Record set »
========
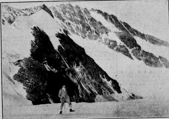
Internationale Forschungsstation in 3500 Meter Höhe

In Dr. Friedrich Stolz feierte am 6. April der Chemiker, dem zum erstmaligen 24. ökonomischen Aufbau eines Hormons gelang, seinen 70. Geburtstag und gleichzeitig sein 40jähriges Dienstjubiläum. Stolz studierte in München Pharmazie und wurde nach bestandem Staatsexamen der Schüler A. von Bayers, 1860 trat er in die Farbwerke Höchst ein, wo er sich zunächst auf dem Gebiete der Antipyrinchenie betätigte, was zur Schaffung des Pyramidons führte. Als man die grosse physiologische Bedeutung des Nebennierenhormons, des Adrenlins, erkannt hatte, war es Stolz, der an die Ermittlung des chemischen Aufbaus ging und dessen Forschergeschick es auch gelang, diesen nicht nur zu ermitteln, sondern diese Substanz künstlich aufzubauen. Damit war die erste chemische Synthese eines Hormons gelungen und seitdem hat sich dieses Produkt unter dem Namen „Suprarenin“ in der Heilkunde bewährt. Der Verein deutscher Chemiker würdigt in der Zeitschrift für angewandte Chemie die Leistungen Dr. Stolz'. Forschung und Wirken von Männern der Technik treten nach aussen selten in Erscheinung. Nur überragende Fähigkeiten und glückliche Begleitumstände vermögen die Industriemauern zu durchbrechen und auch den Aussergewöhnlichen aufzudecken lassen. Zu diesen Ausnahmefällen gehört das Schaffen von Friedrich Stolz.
========
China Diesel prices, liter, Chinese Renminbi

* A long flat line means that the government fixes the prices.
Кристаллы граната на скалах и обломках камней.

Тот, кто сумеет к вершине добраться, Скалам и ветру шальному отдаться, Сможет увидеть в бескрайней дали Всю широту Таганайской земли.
========
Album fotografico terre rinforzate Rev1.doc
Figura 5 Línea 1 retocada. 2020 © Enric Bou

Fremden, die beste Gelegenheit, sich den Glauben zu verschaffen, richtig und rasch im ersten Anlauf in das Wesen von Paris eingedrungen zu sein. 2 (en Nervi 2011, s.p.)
========
What you have to do » Search the data above for the string "prices" and copy each line that has it.

Expected answer »
China Diesel prices, liter, Chinese Renminbi
* A long flat line means that the government fixes the prices.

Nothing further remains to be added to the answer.